I have a few goals for my senior year. During the summer I am going to work on getting a job and learning how to drive. After I get all that done, or at least in process, I would have a little bit a stress off my chest. I’m looking forward to going to all the games, all the events, and definitely getting good grades.
Summer break is coming up, I have a few things I have to get done before the next school year. My number one goal or thing to do is get more sleep. No going to sleep late, and usually when I do I end up waking up early anyway. I haven’t been feeling like I’m getting enough sleep. I wake up tired almost everyday.
Another thing I need to get in the habit of is washing my hair and treating it right. I also feel like I haven’t been doing that either, which I really have to. So yes, self care does come first, and I’ve been meaning to do that, but I’ve been so caught up with a few things this past year.
I’ve been doing great this past year, yes it gets rough here and there, but other that I’ve honestly been doing me. Not bothered as much, I haven’t been on my phone as much either. Once school starts up again I’m going to be doing what is best for me like I’ve been doing.
I also want to be in journalism again as well, it’s a good class, and I’m happy that I got into the class. Ever since I got into the class, I honestly think I found who I actually am.
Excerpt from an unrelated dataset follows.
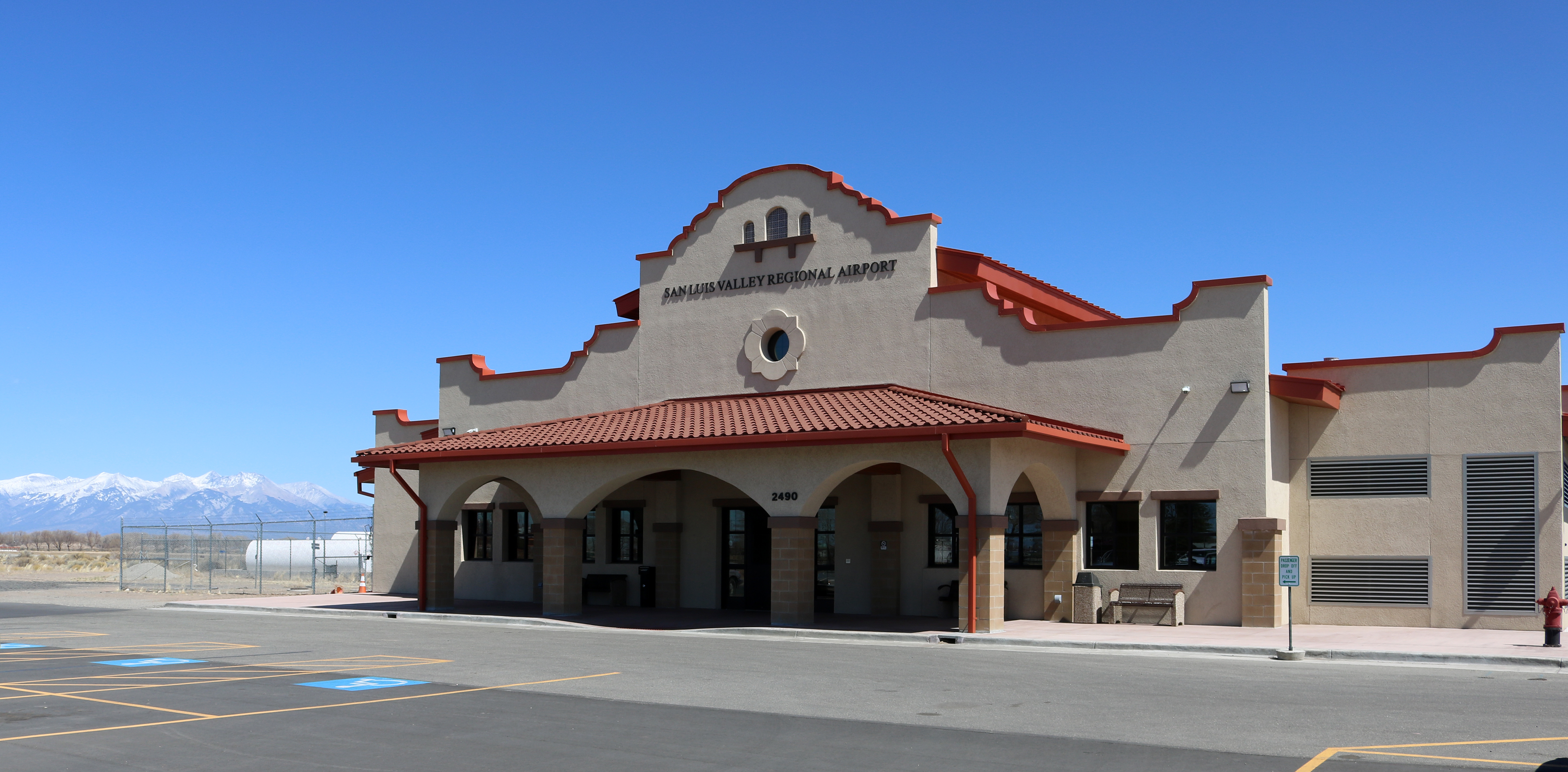 The terminal building at the San Luis Valley Regional Airport, located at 2490 State Avenue in Alamosa, Colorado.

I’ve kind of been in the right state of mind, and I want to keep it that way.
One of my other goals is to completely focus on myself, and that has been my number one goal ever since. I only have a few friends, but my most closest one is my best friend Kaitlyn. She has been there for me since day one. Even when I’m feeling low, she’s there. I look forward to hanging out with her during the summer as well. I also want us to graduate together, I think that is going to happen. I can’t imagine how my life would be without her. A lot of people have showed me that they never really cared for me this past year, except her. I don’t need anyone, but Kaitlyn on the other hand, who knows what I would do without her.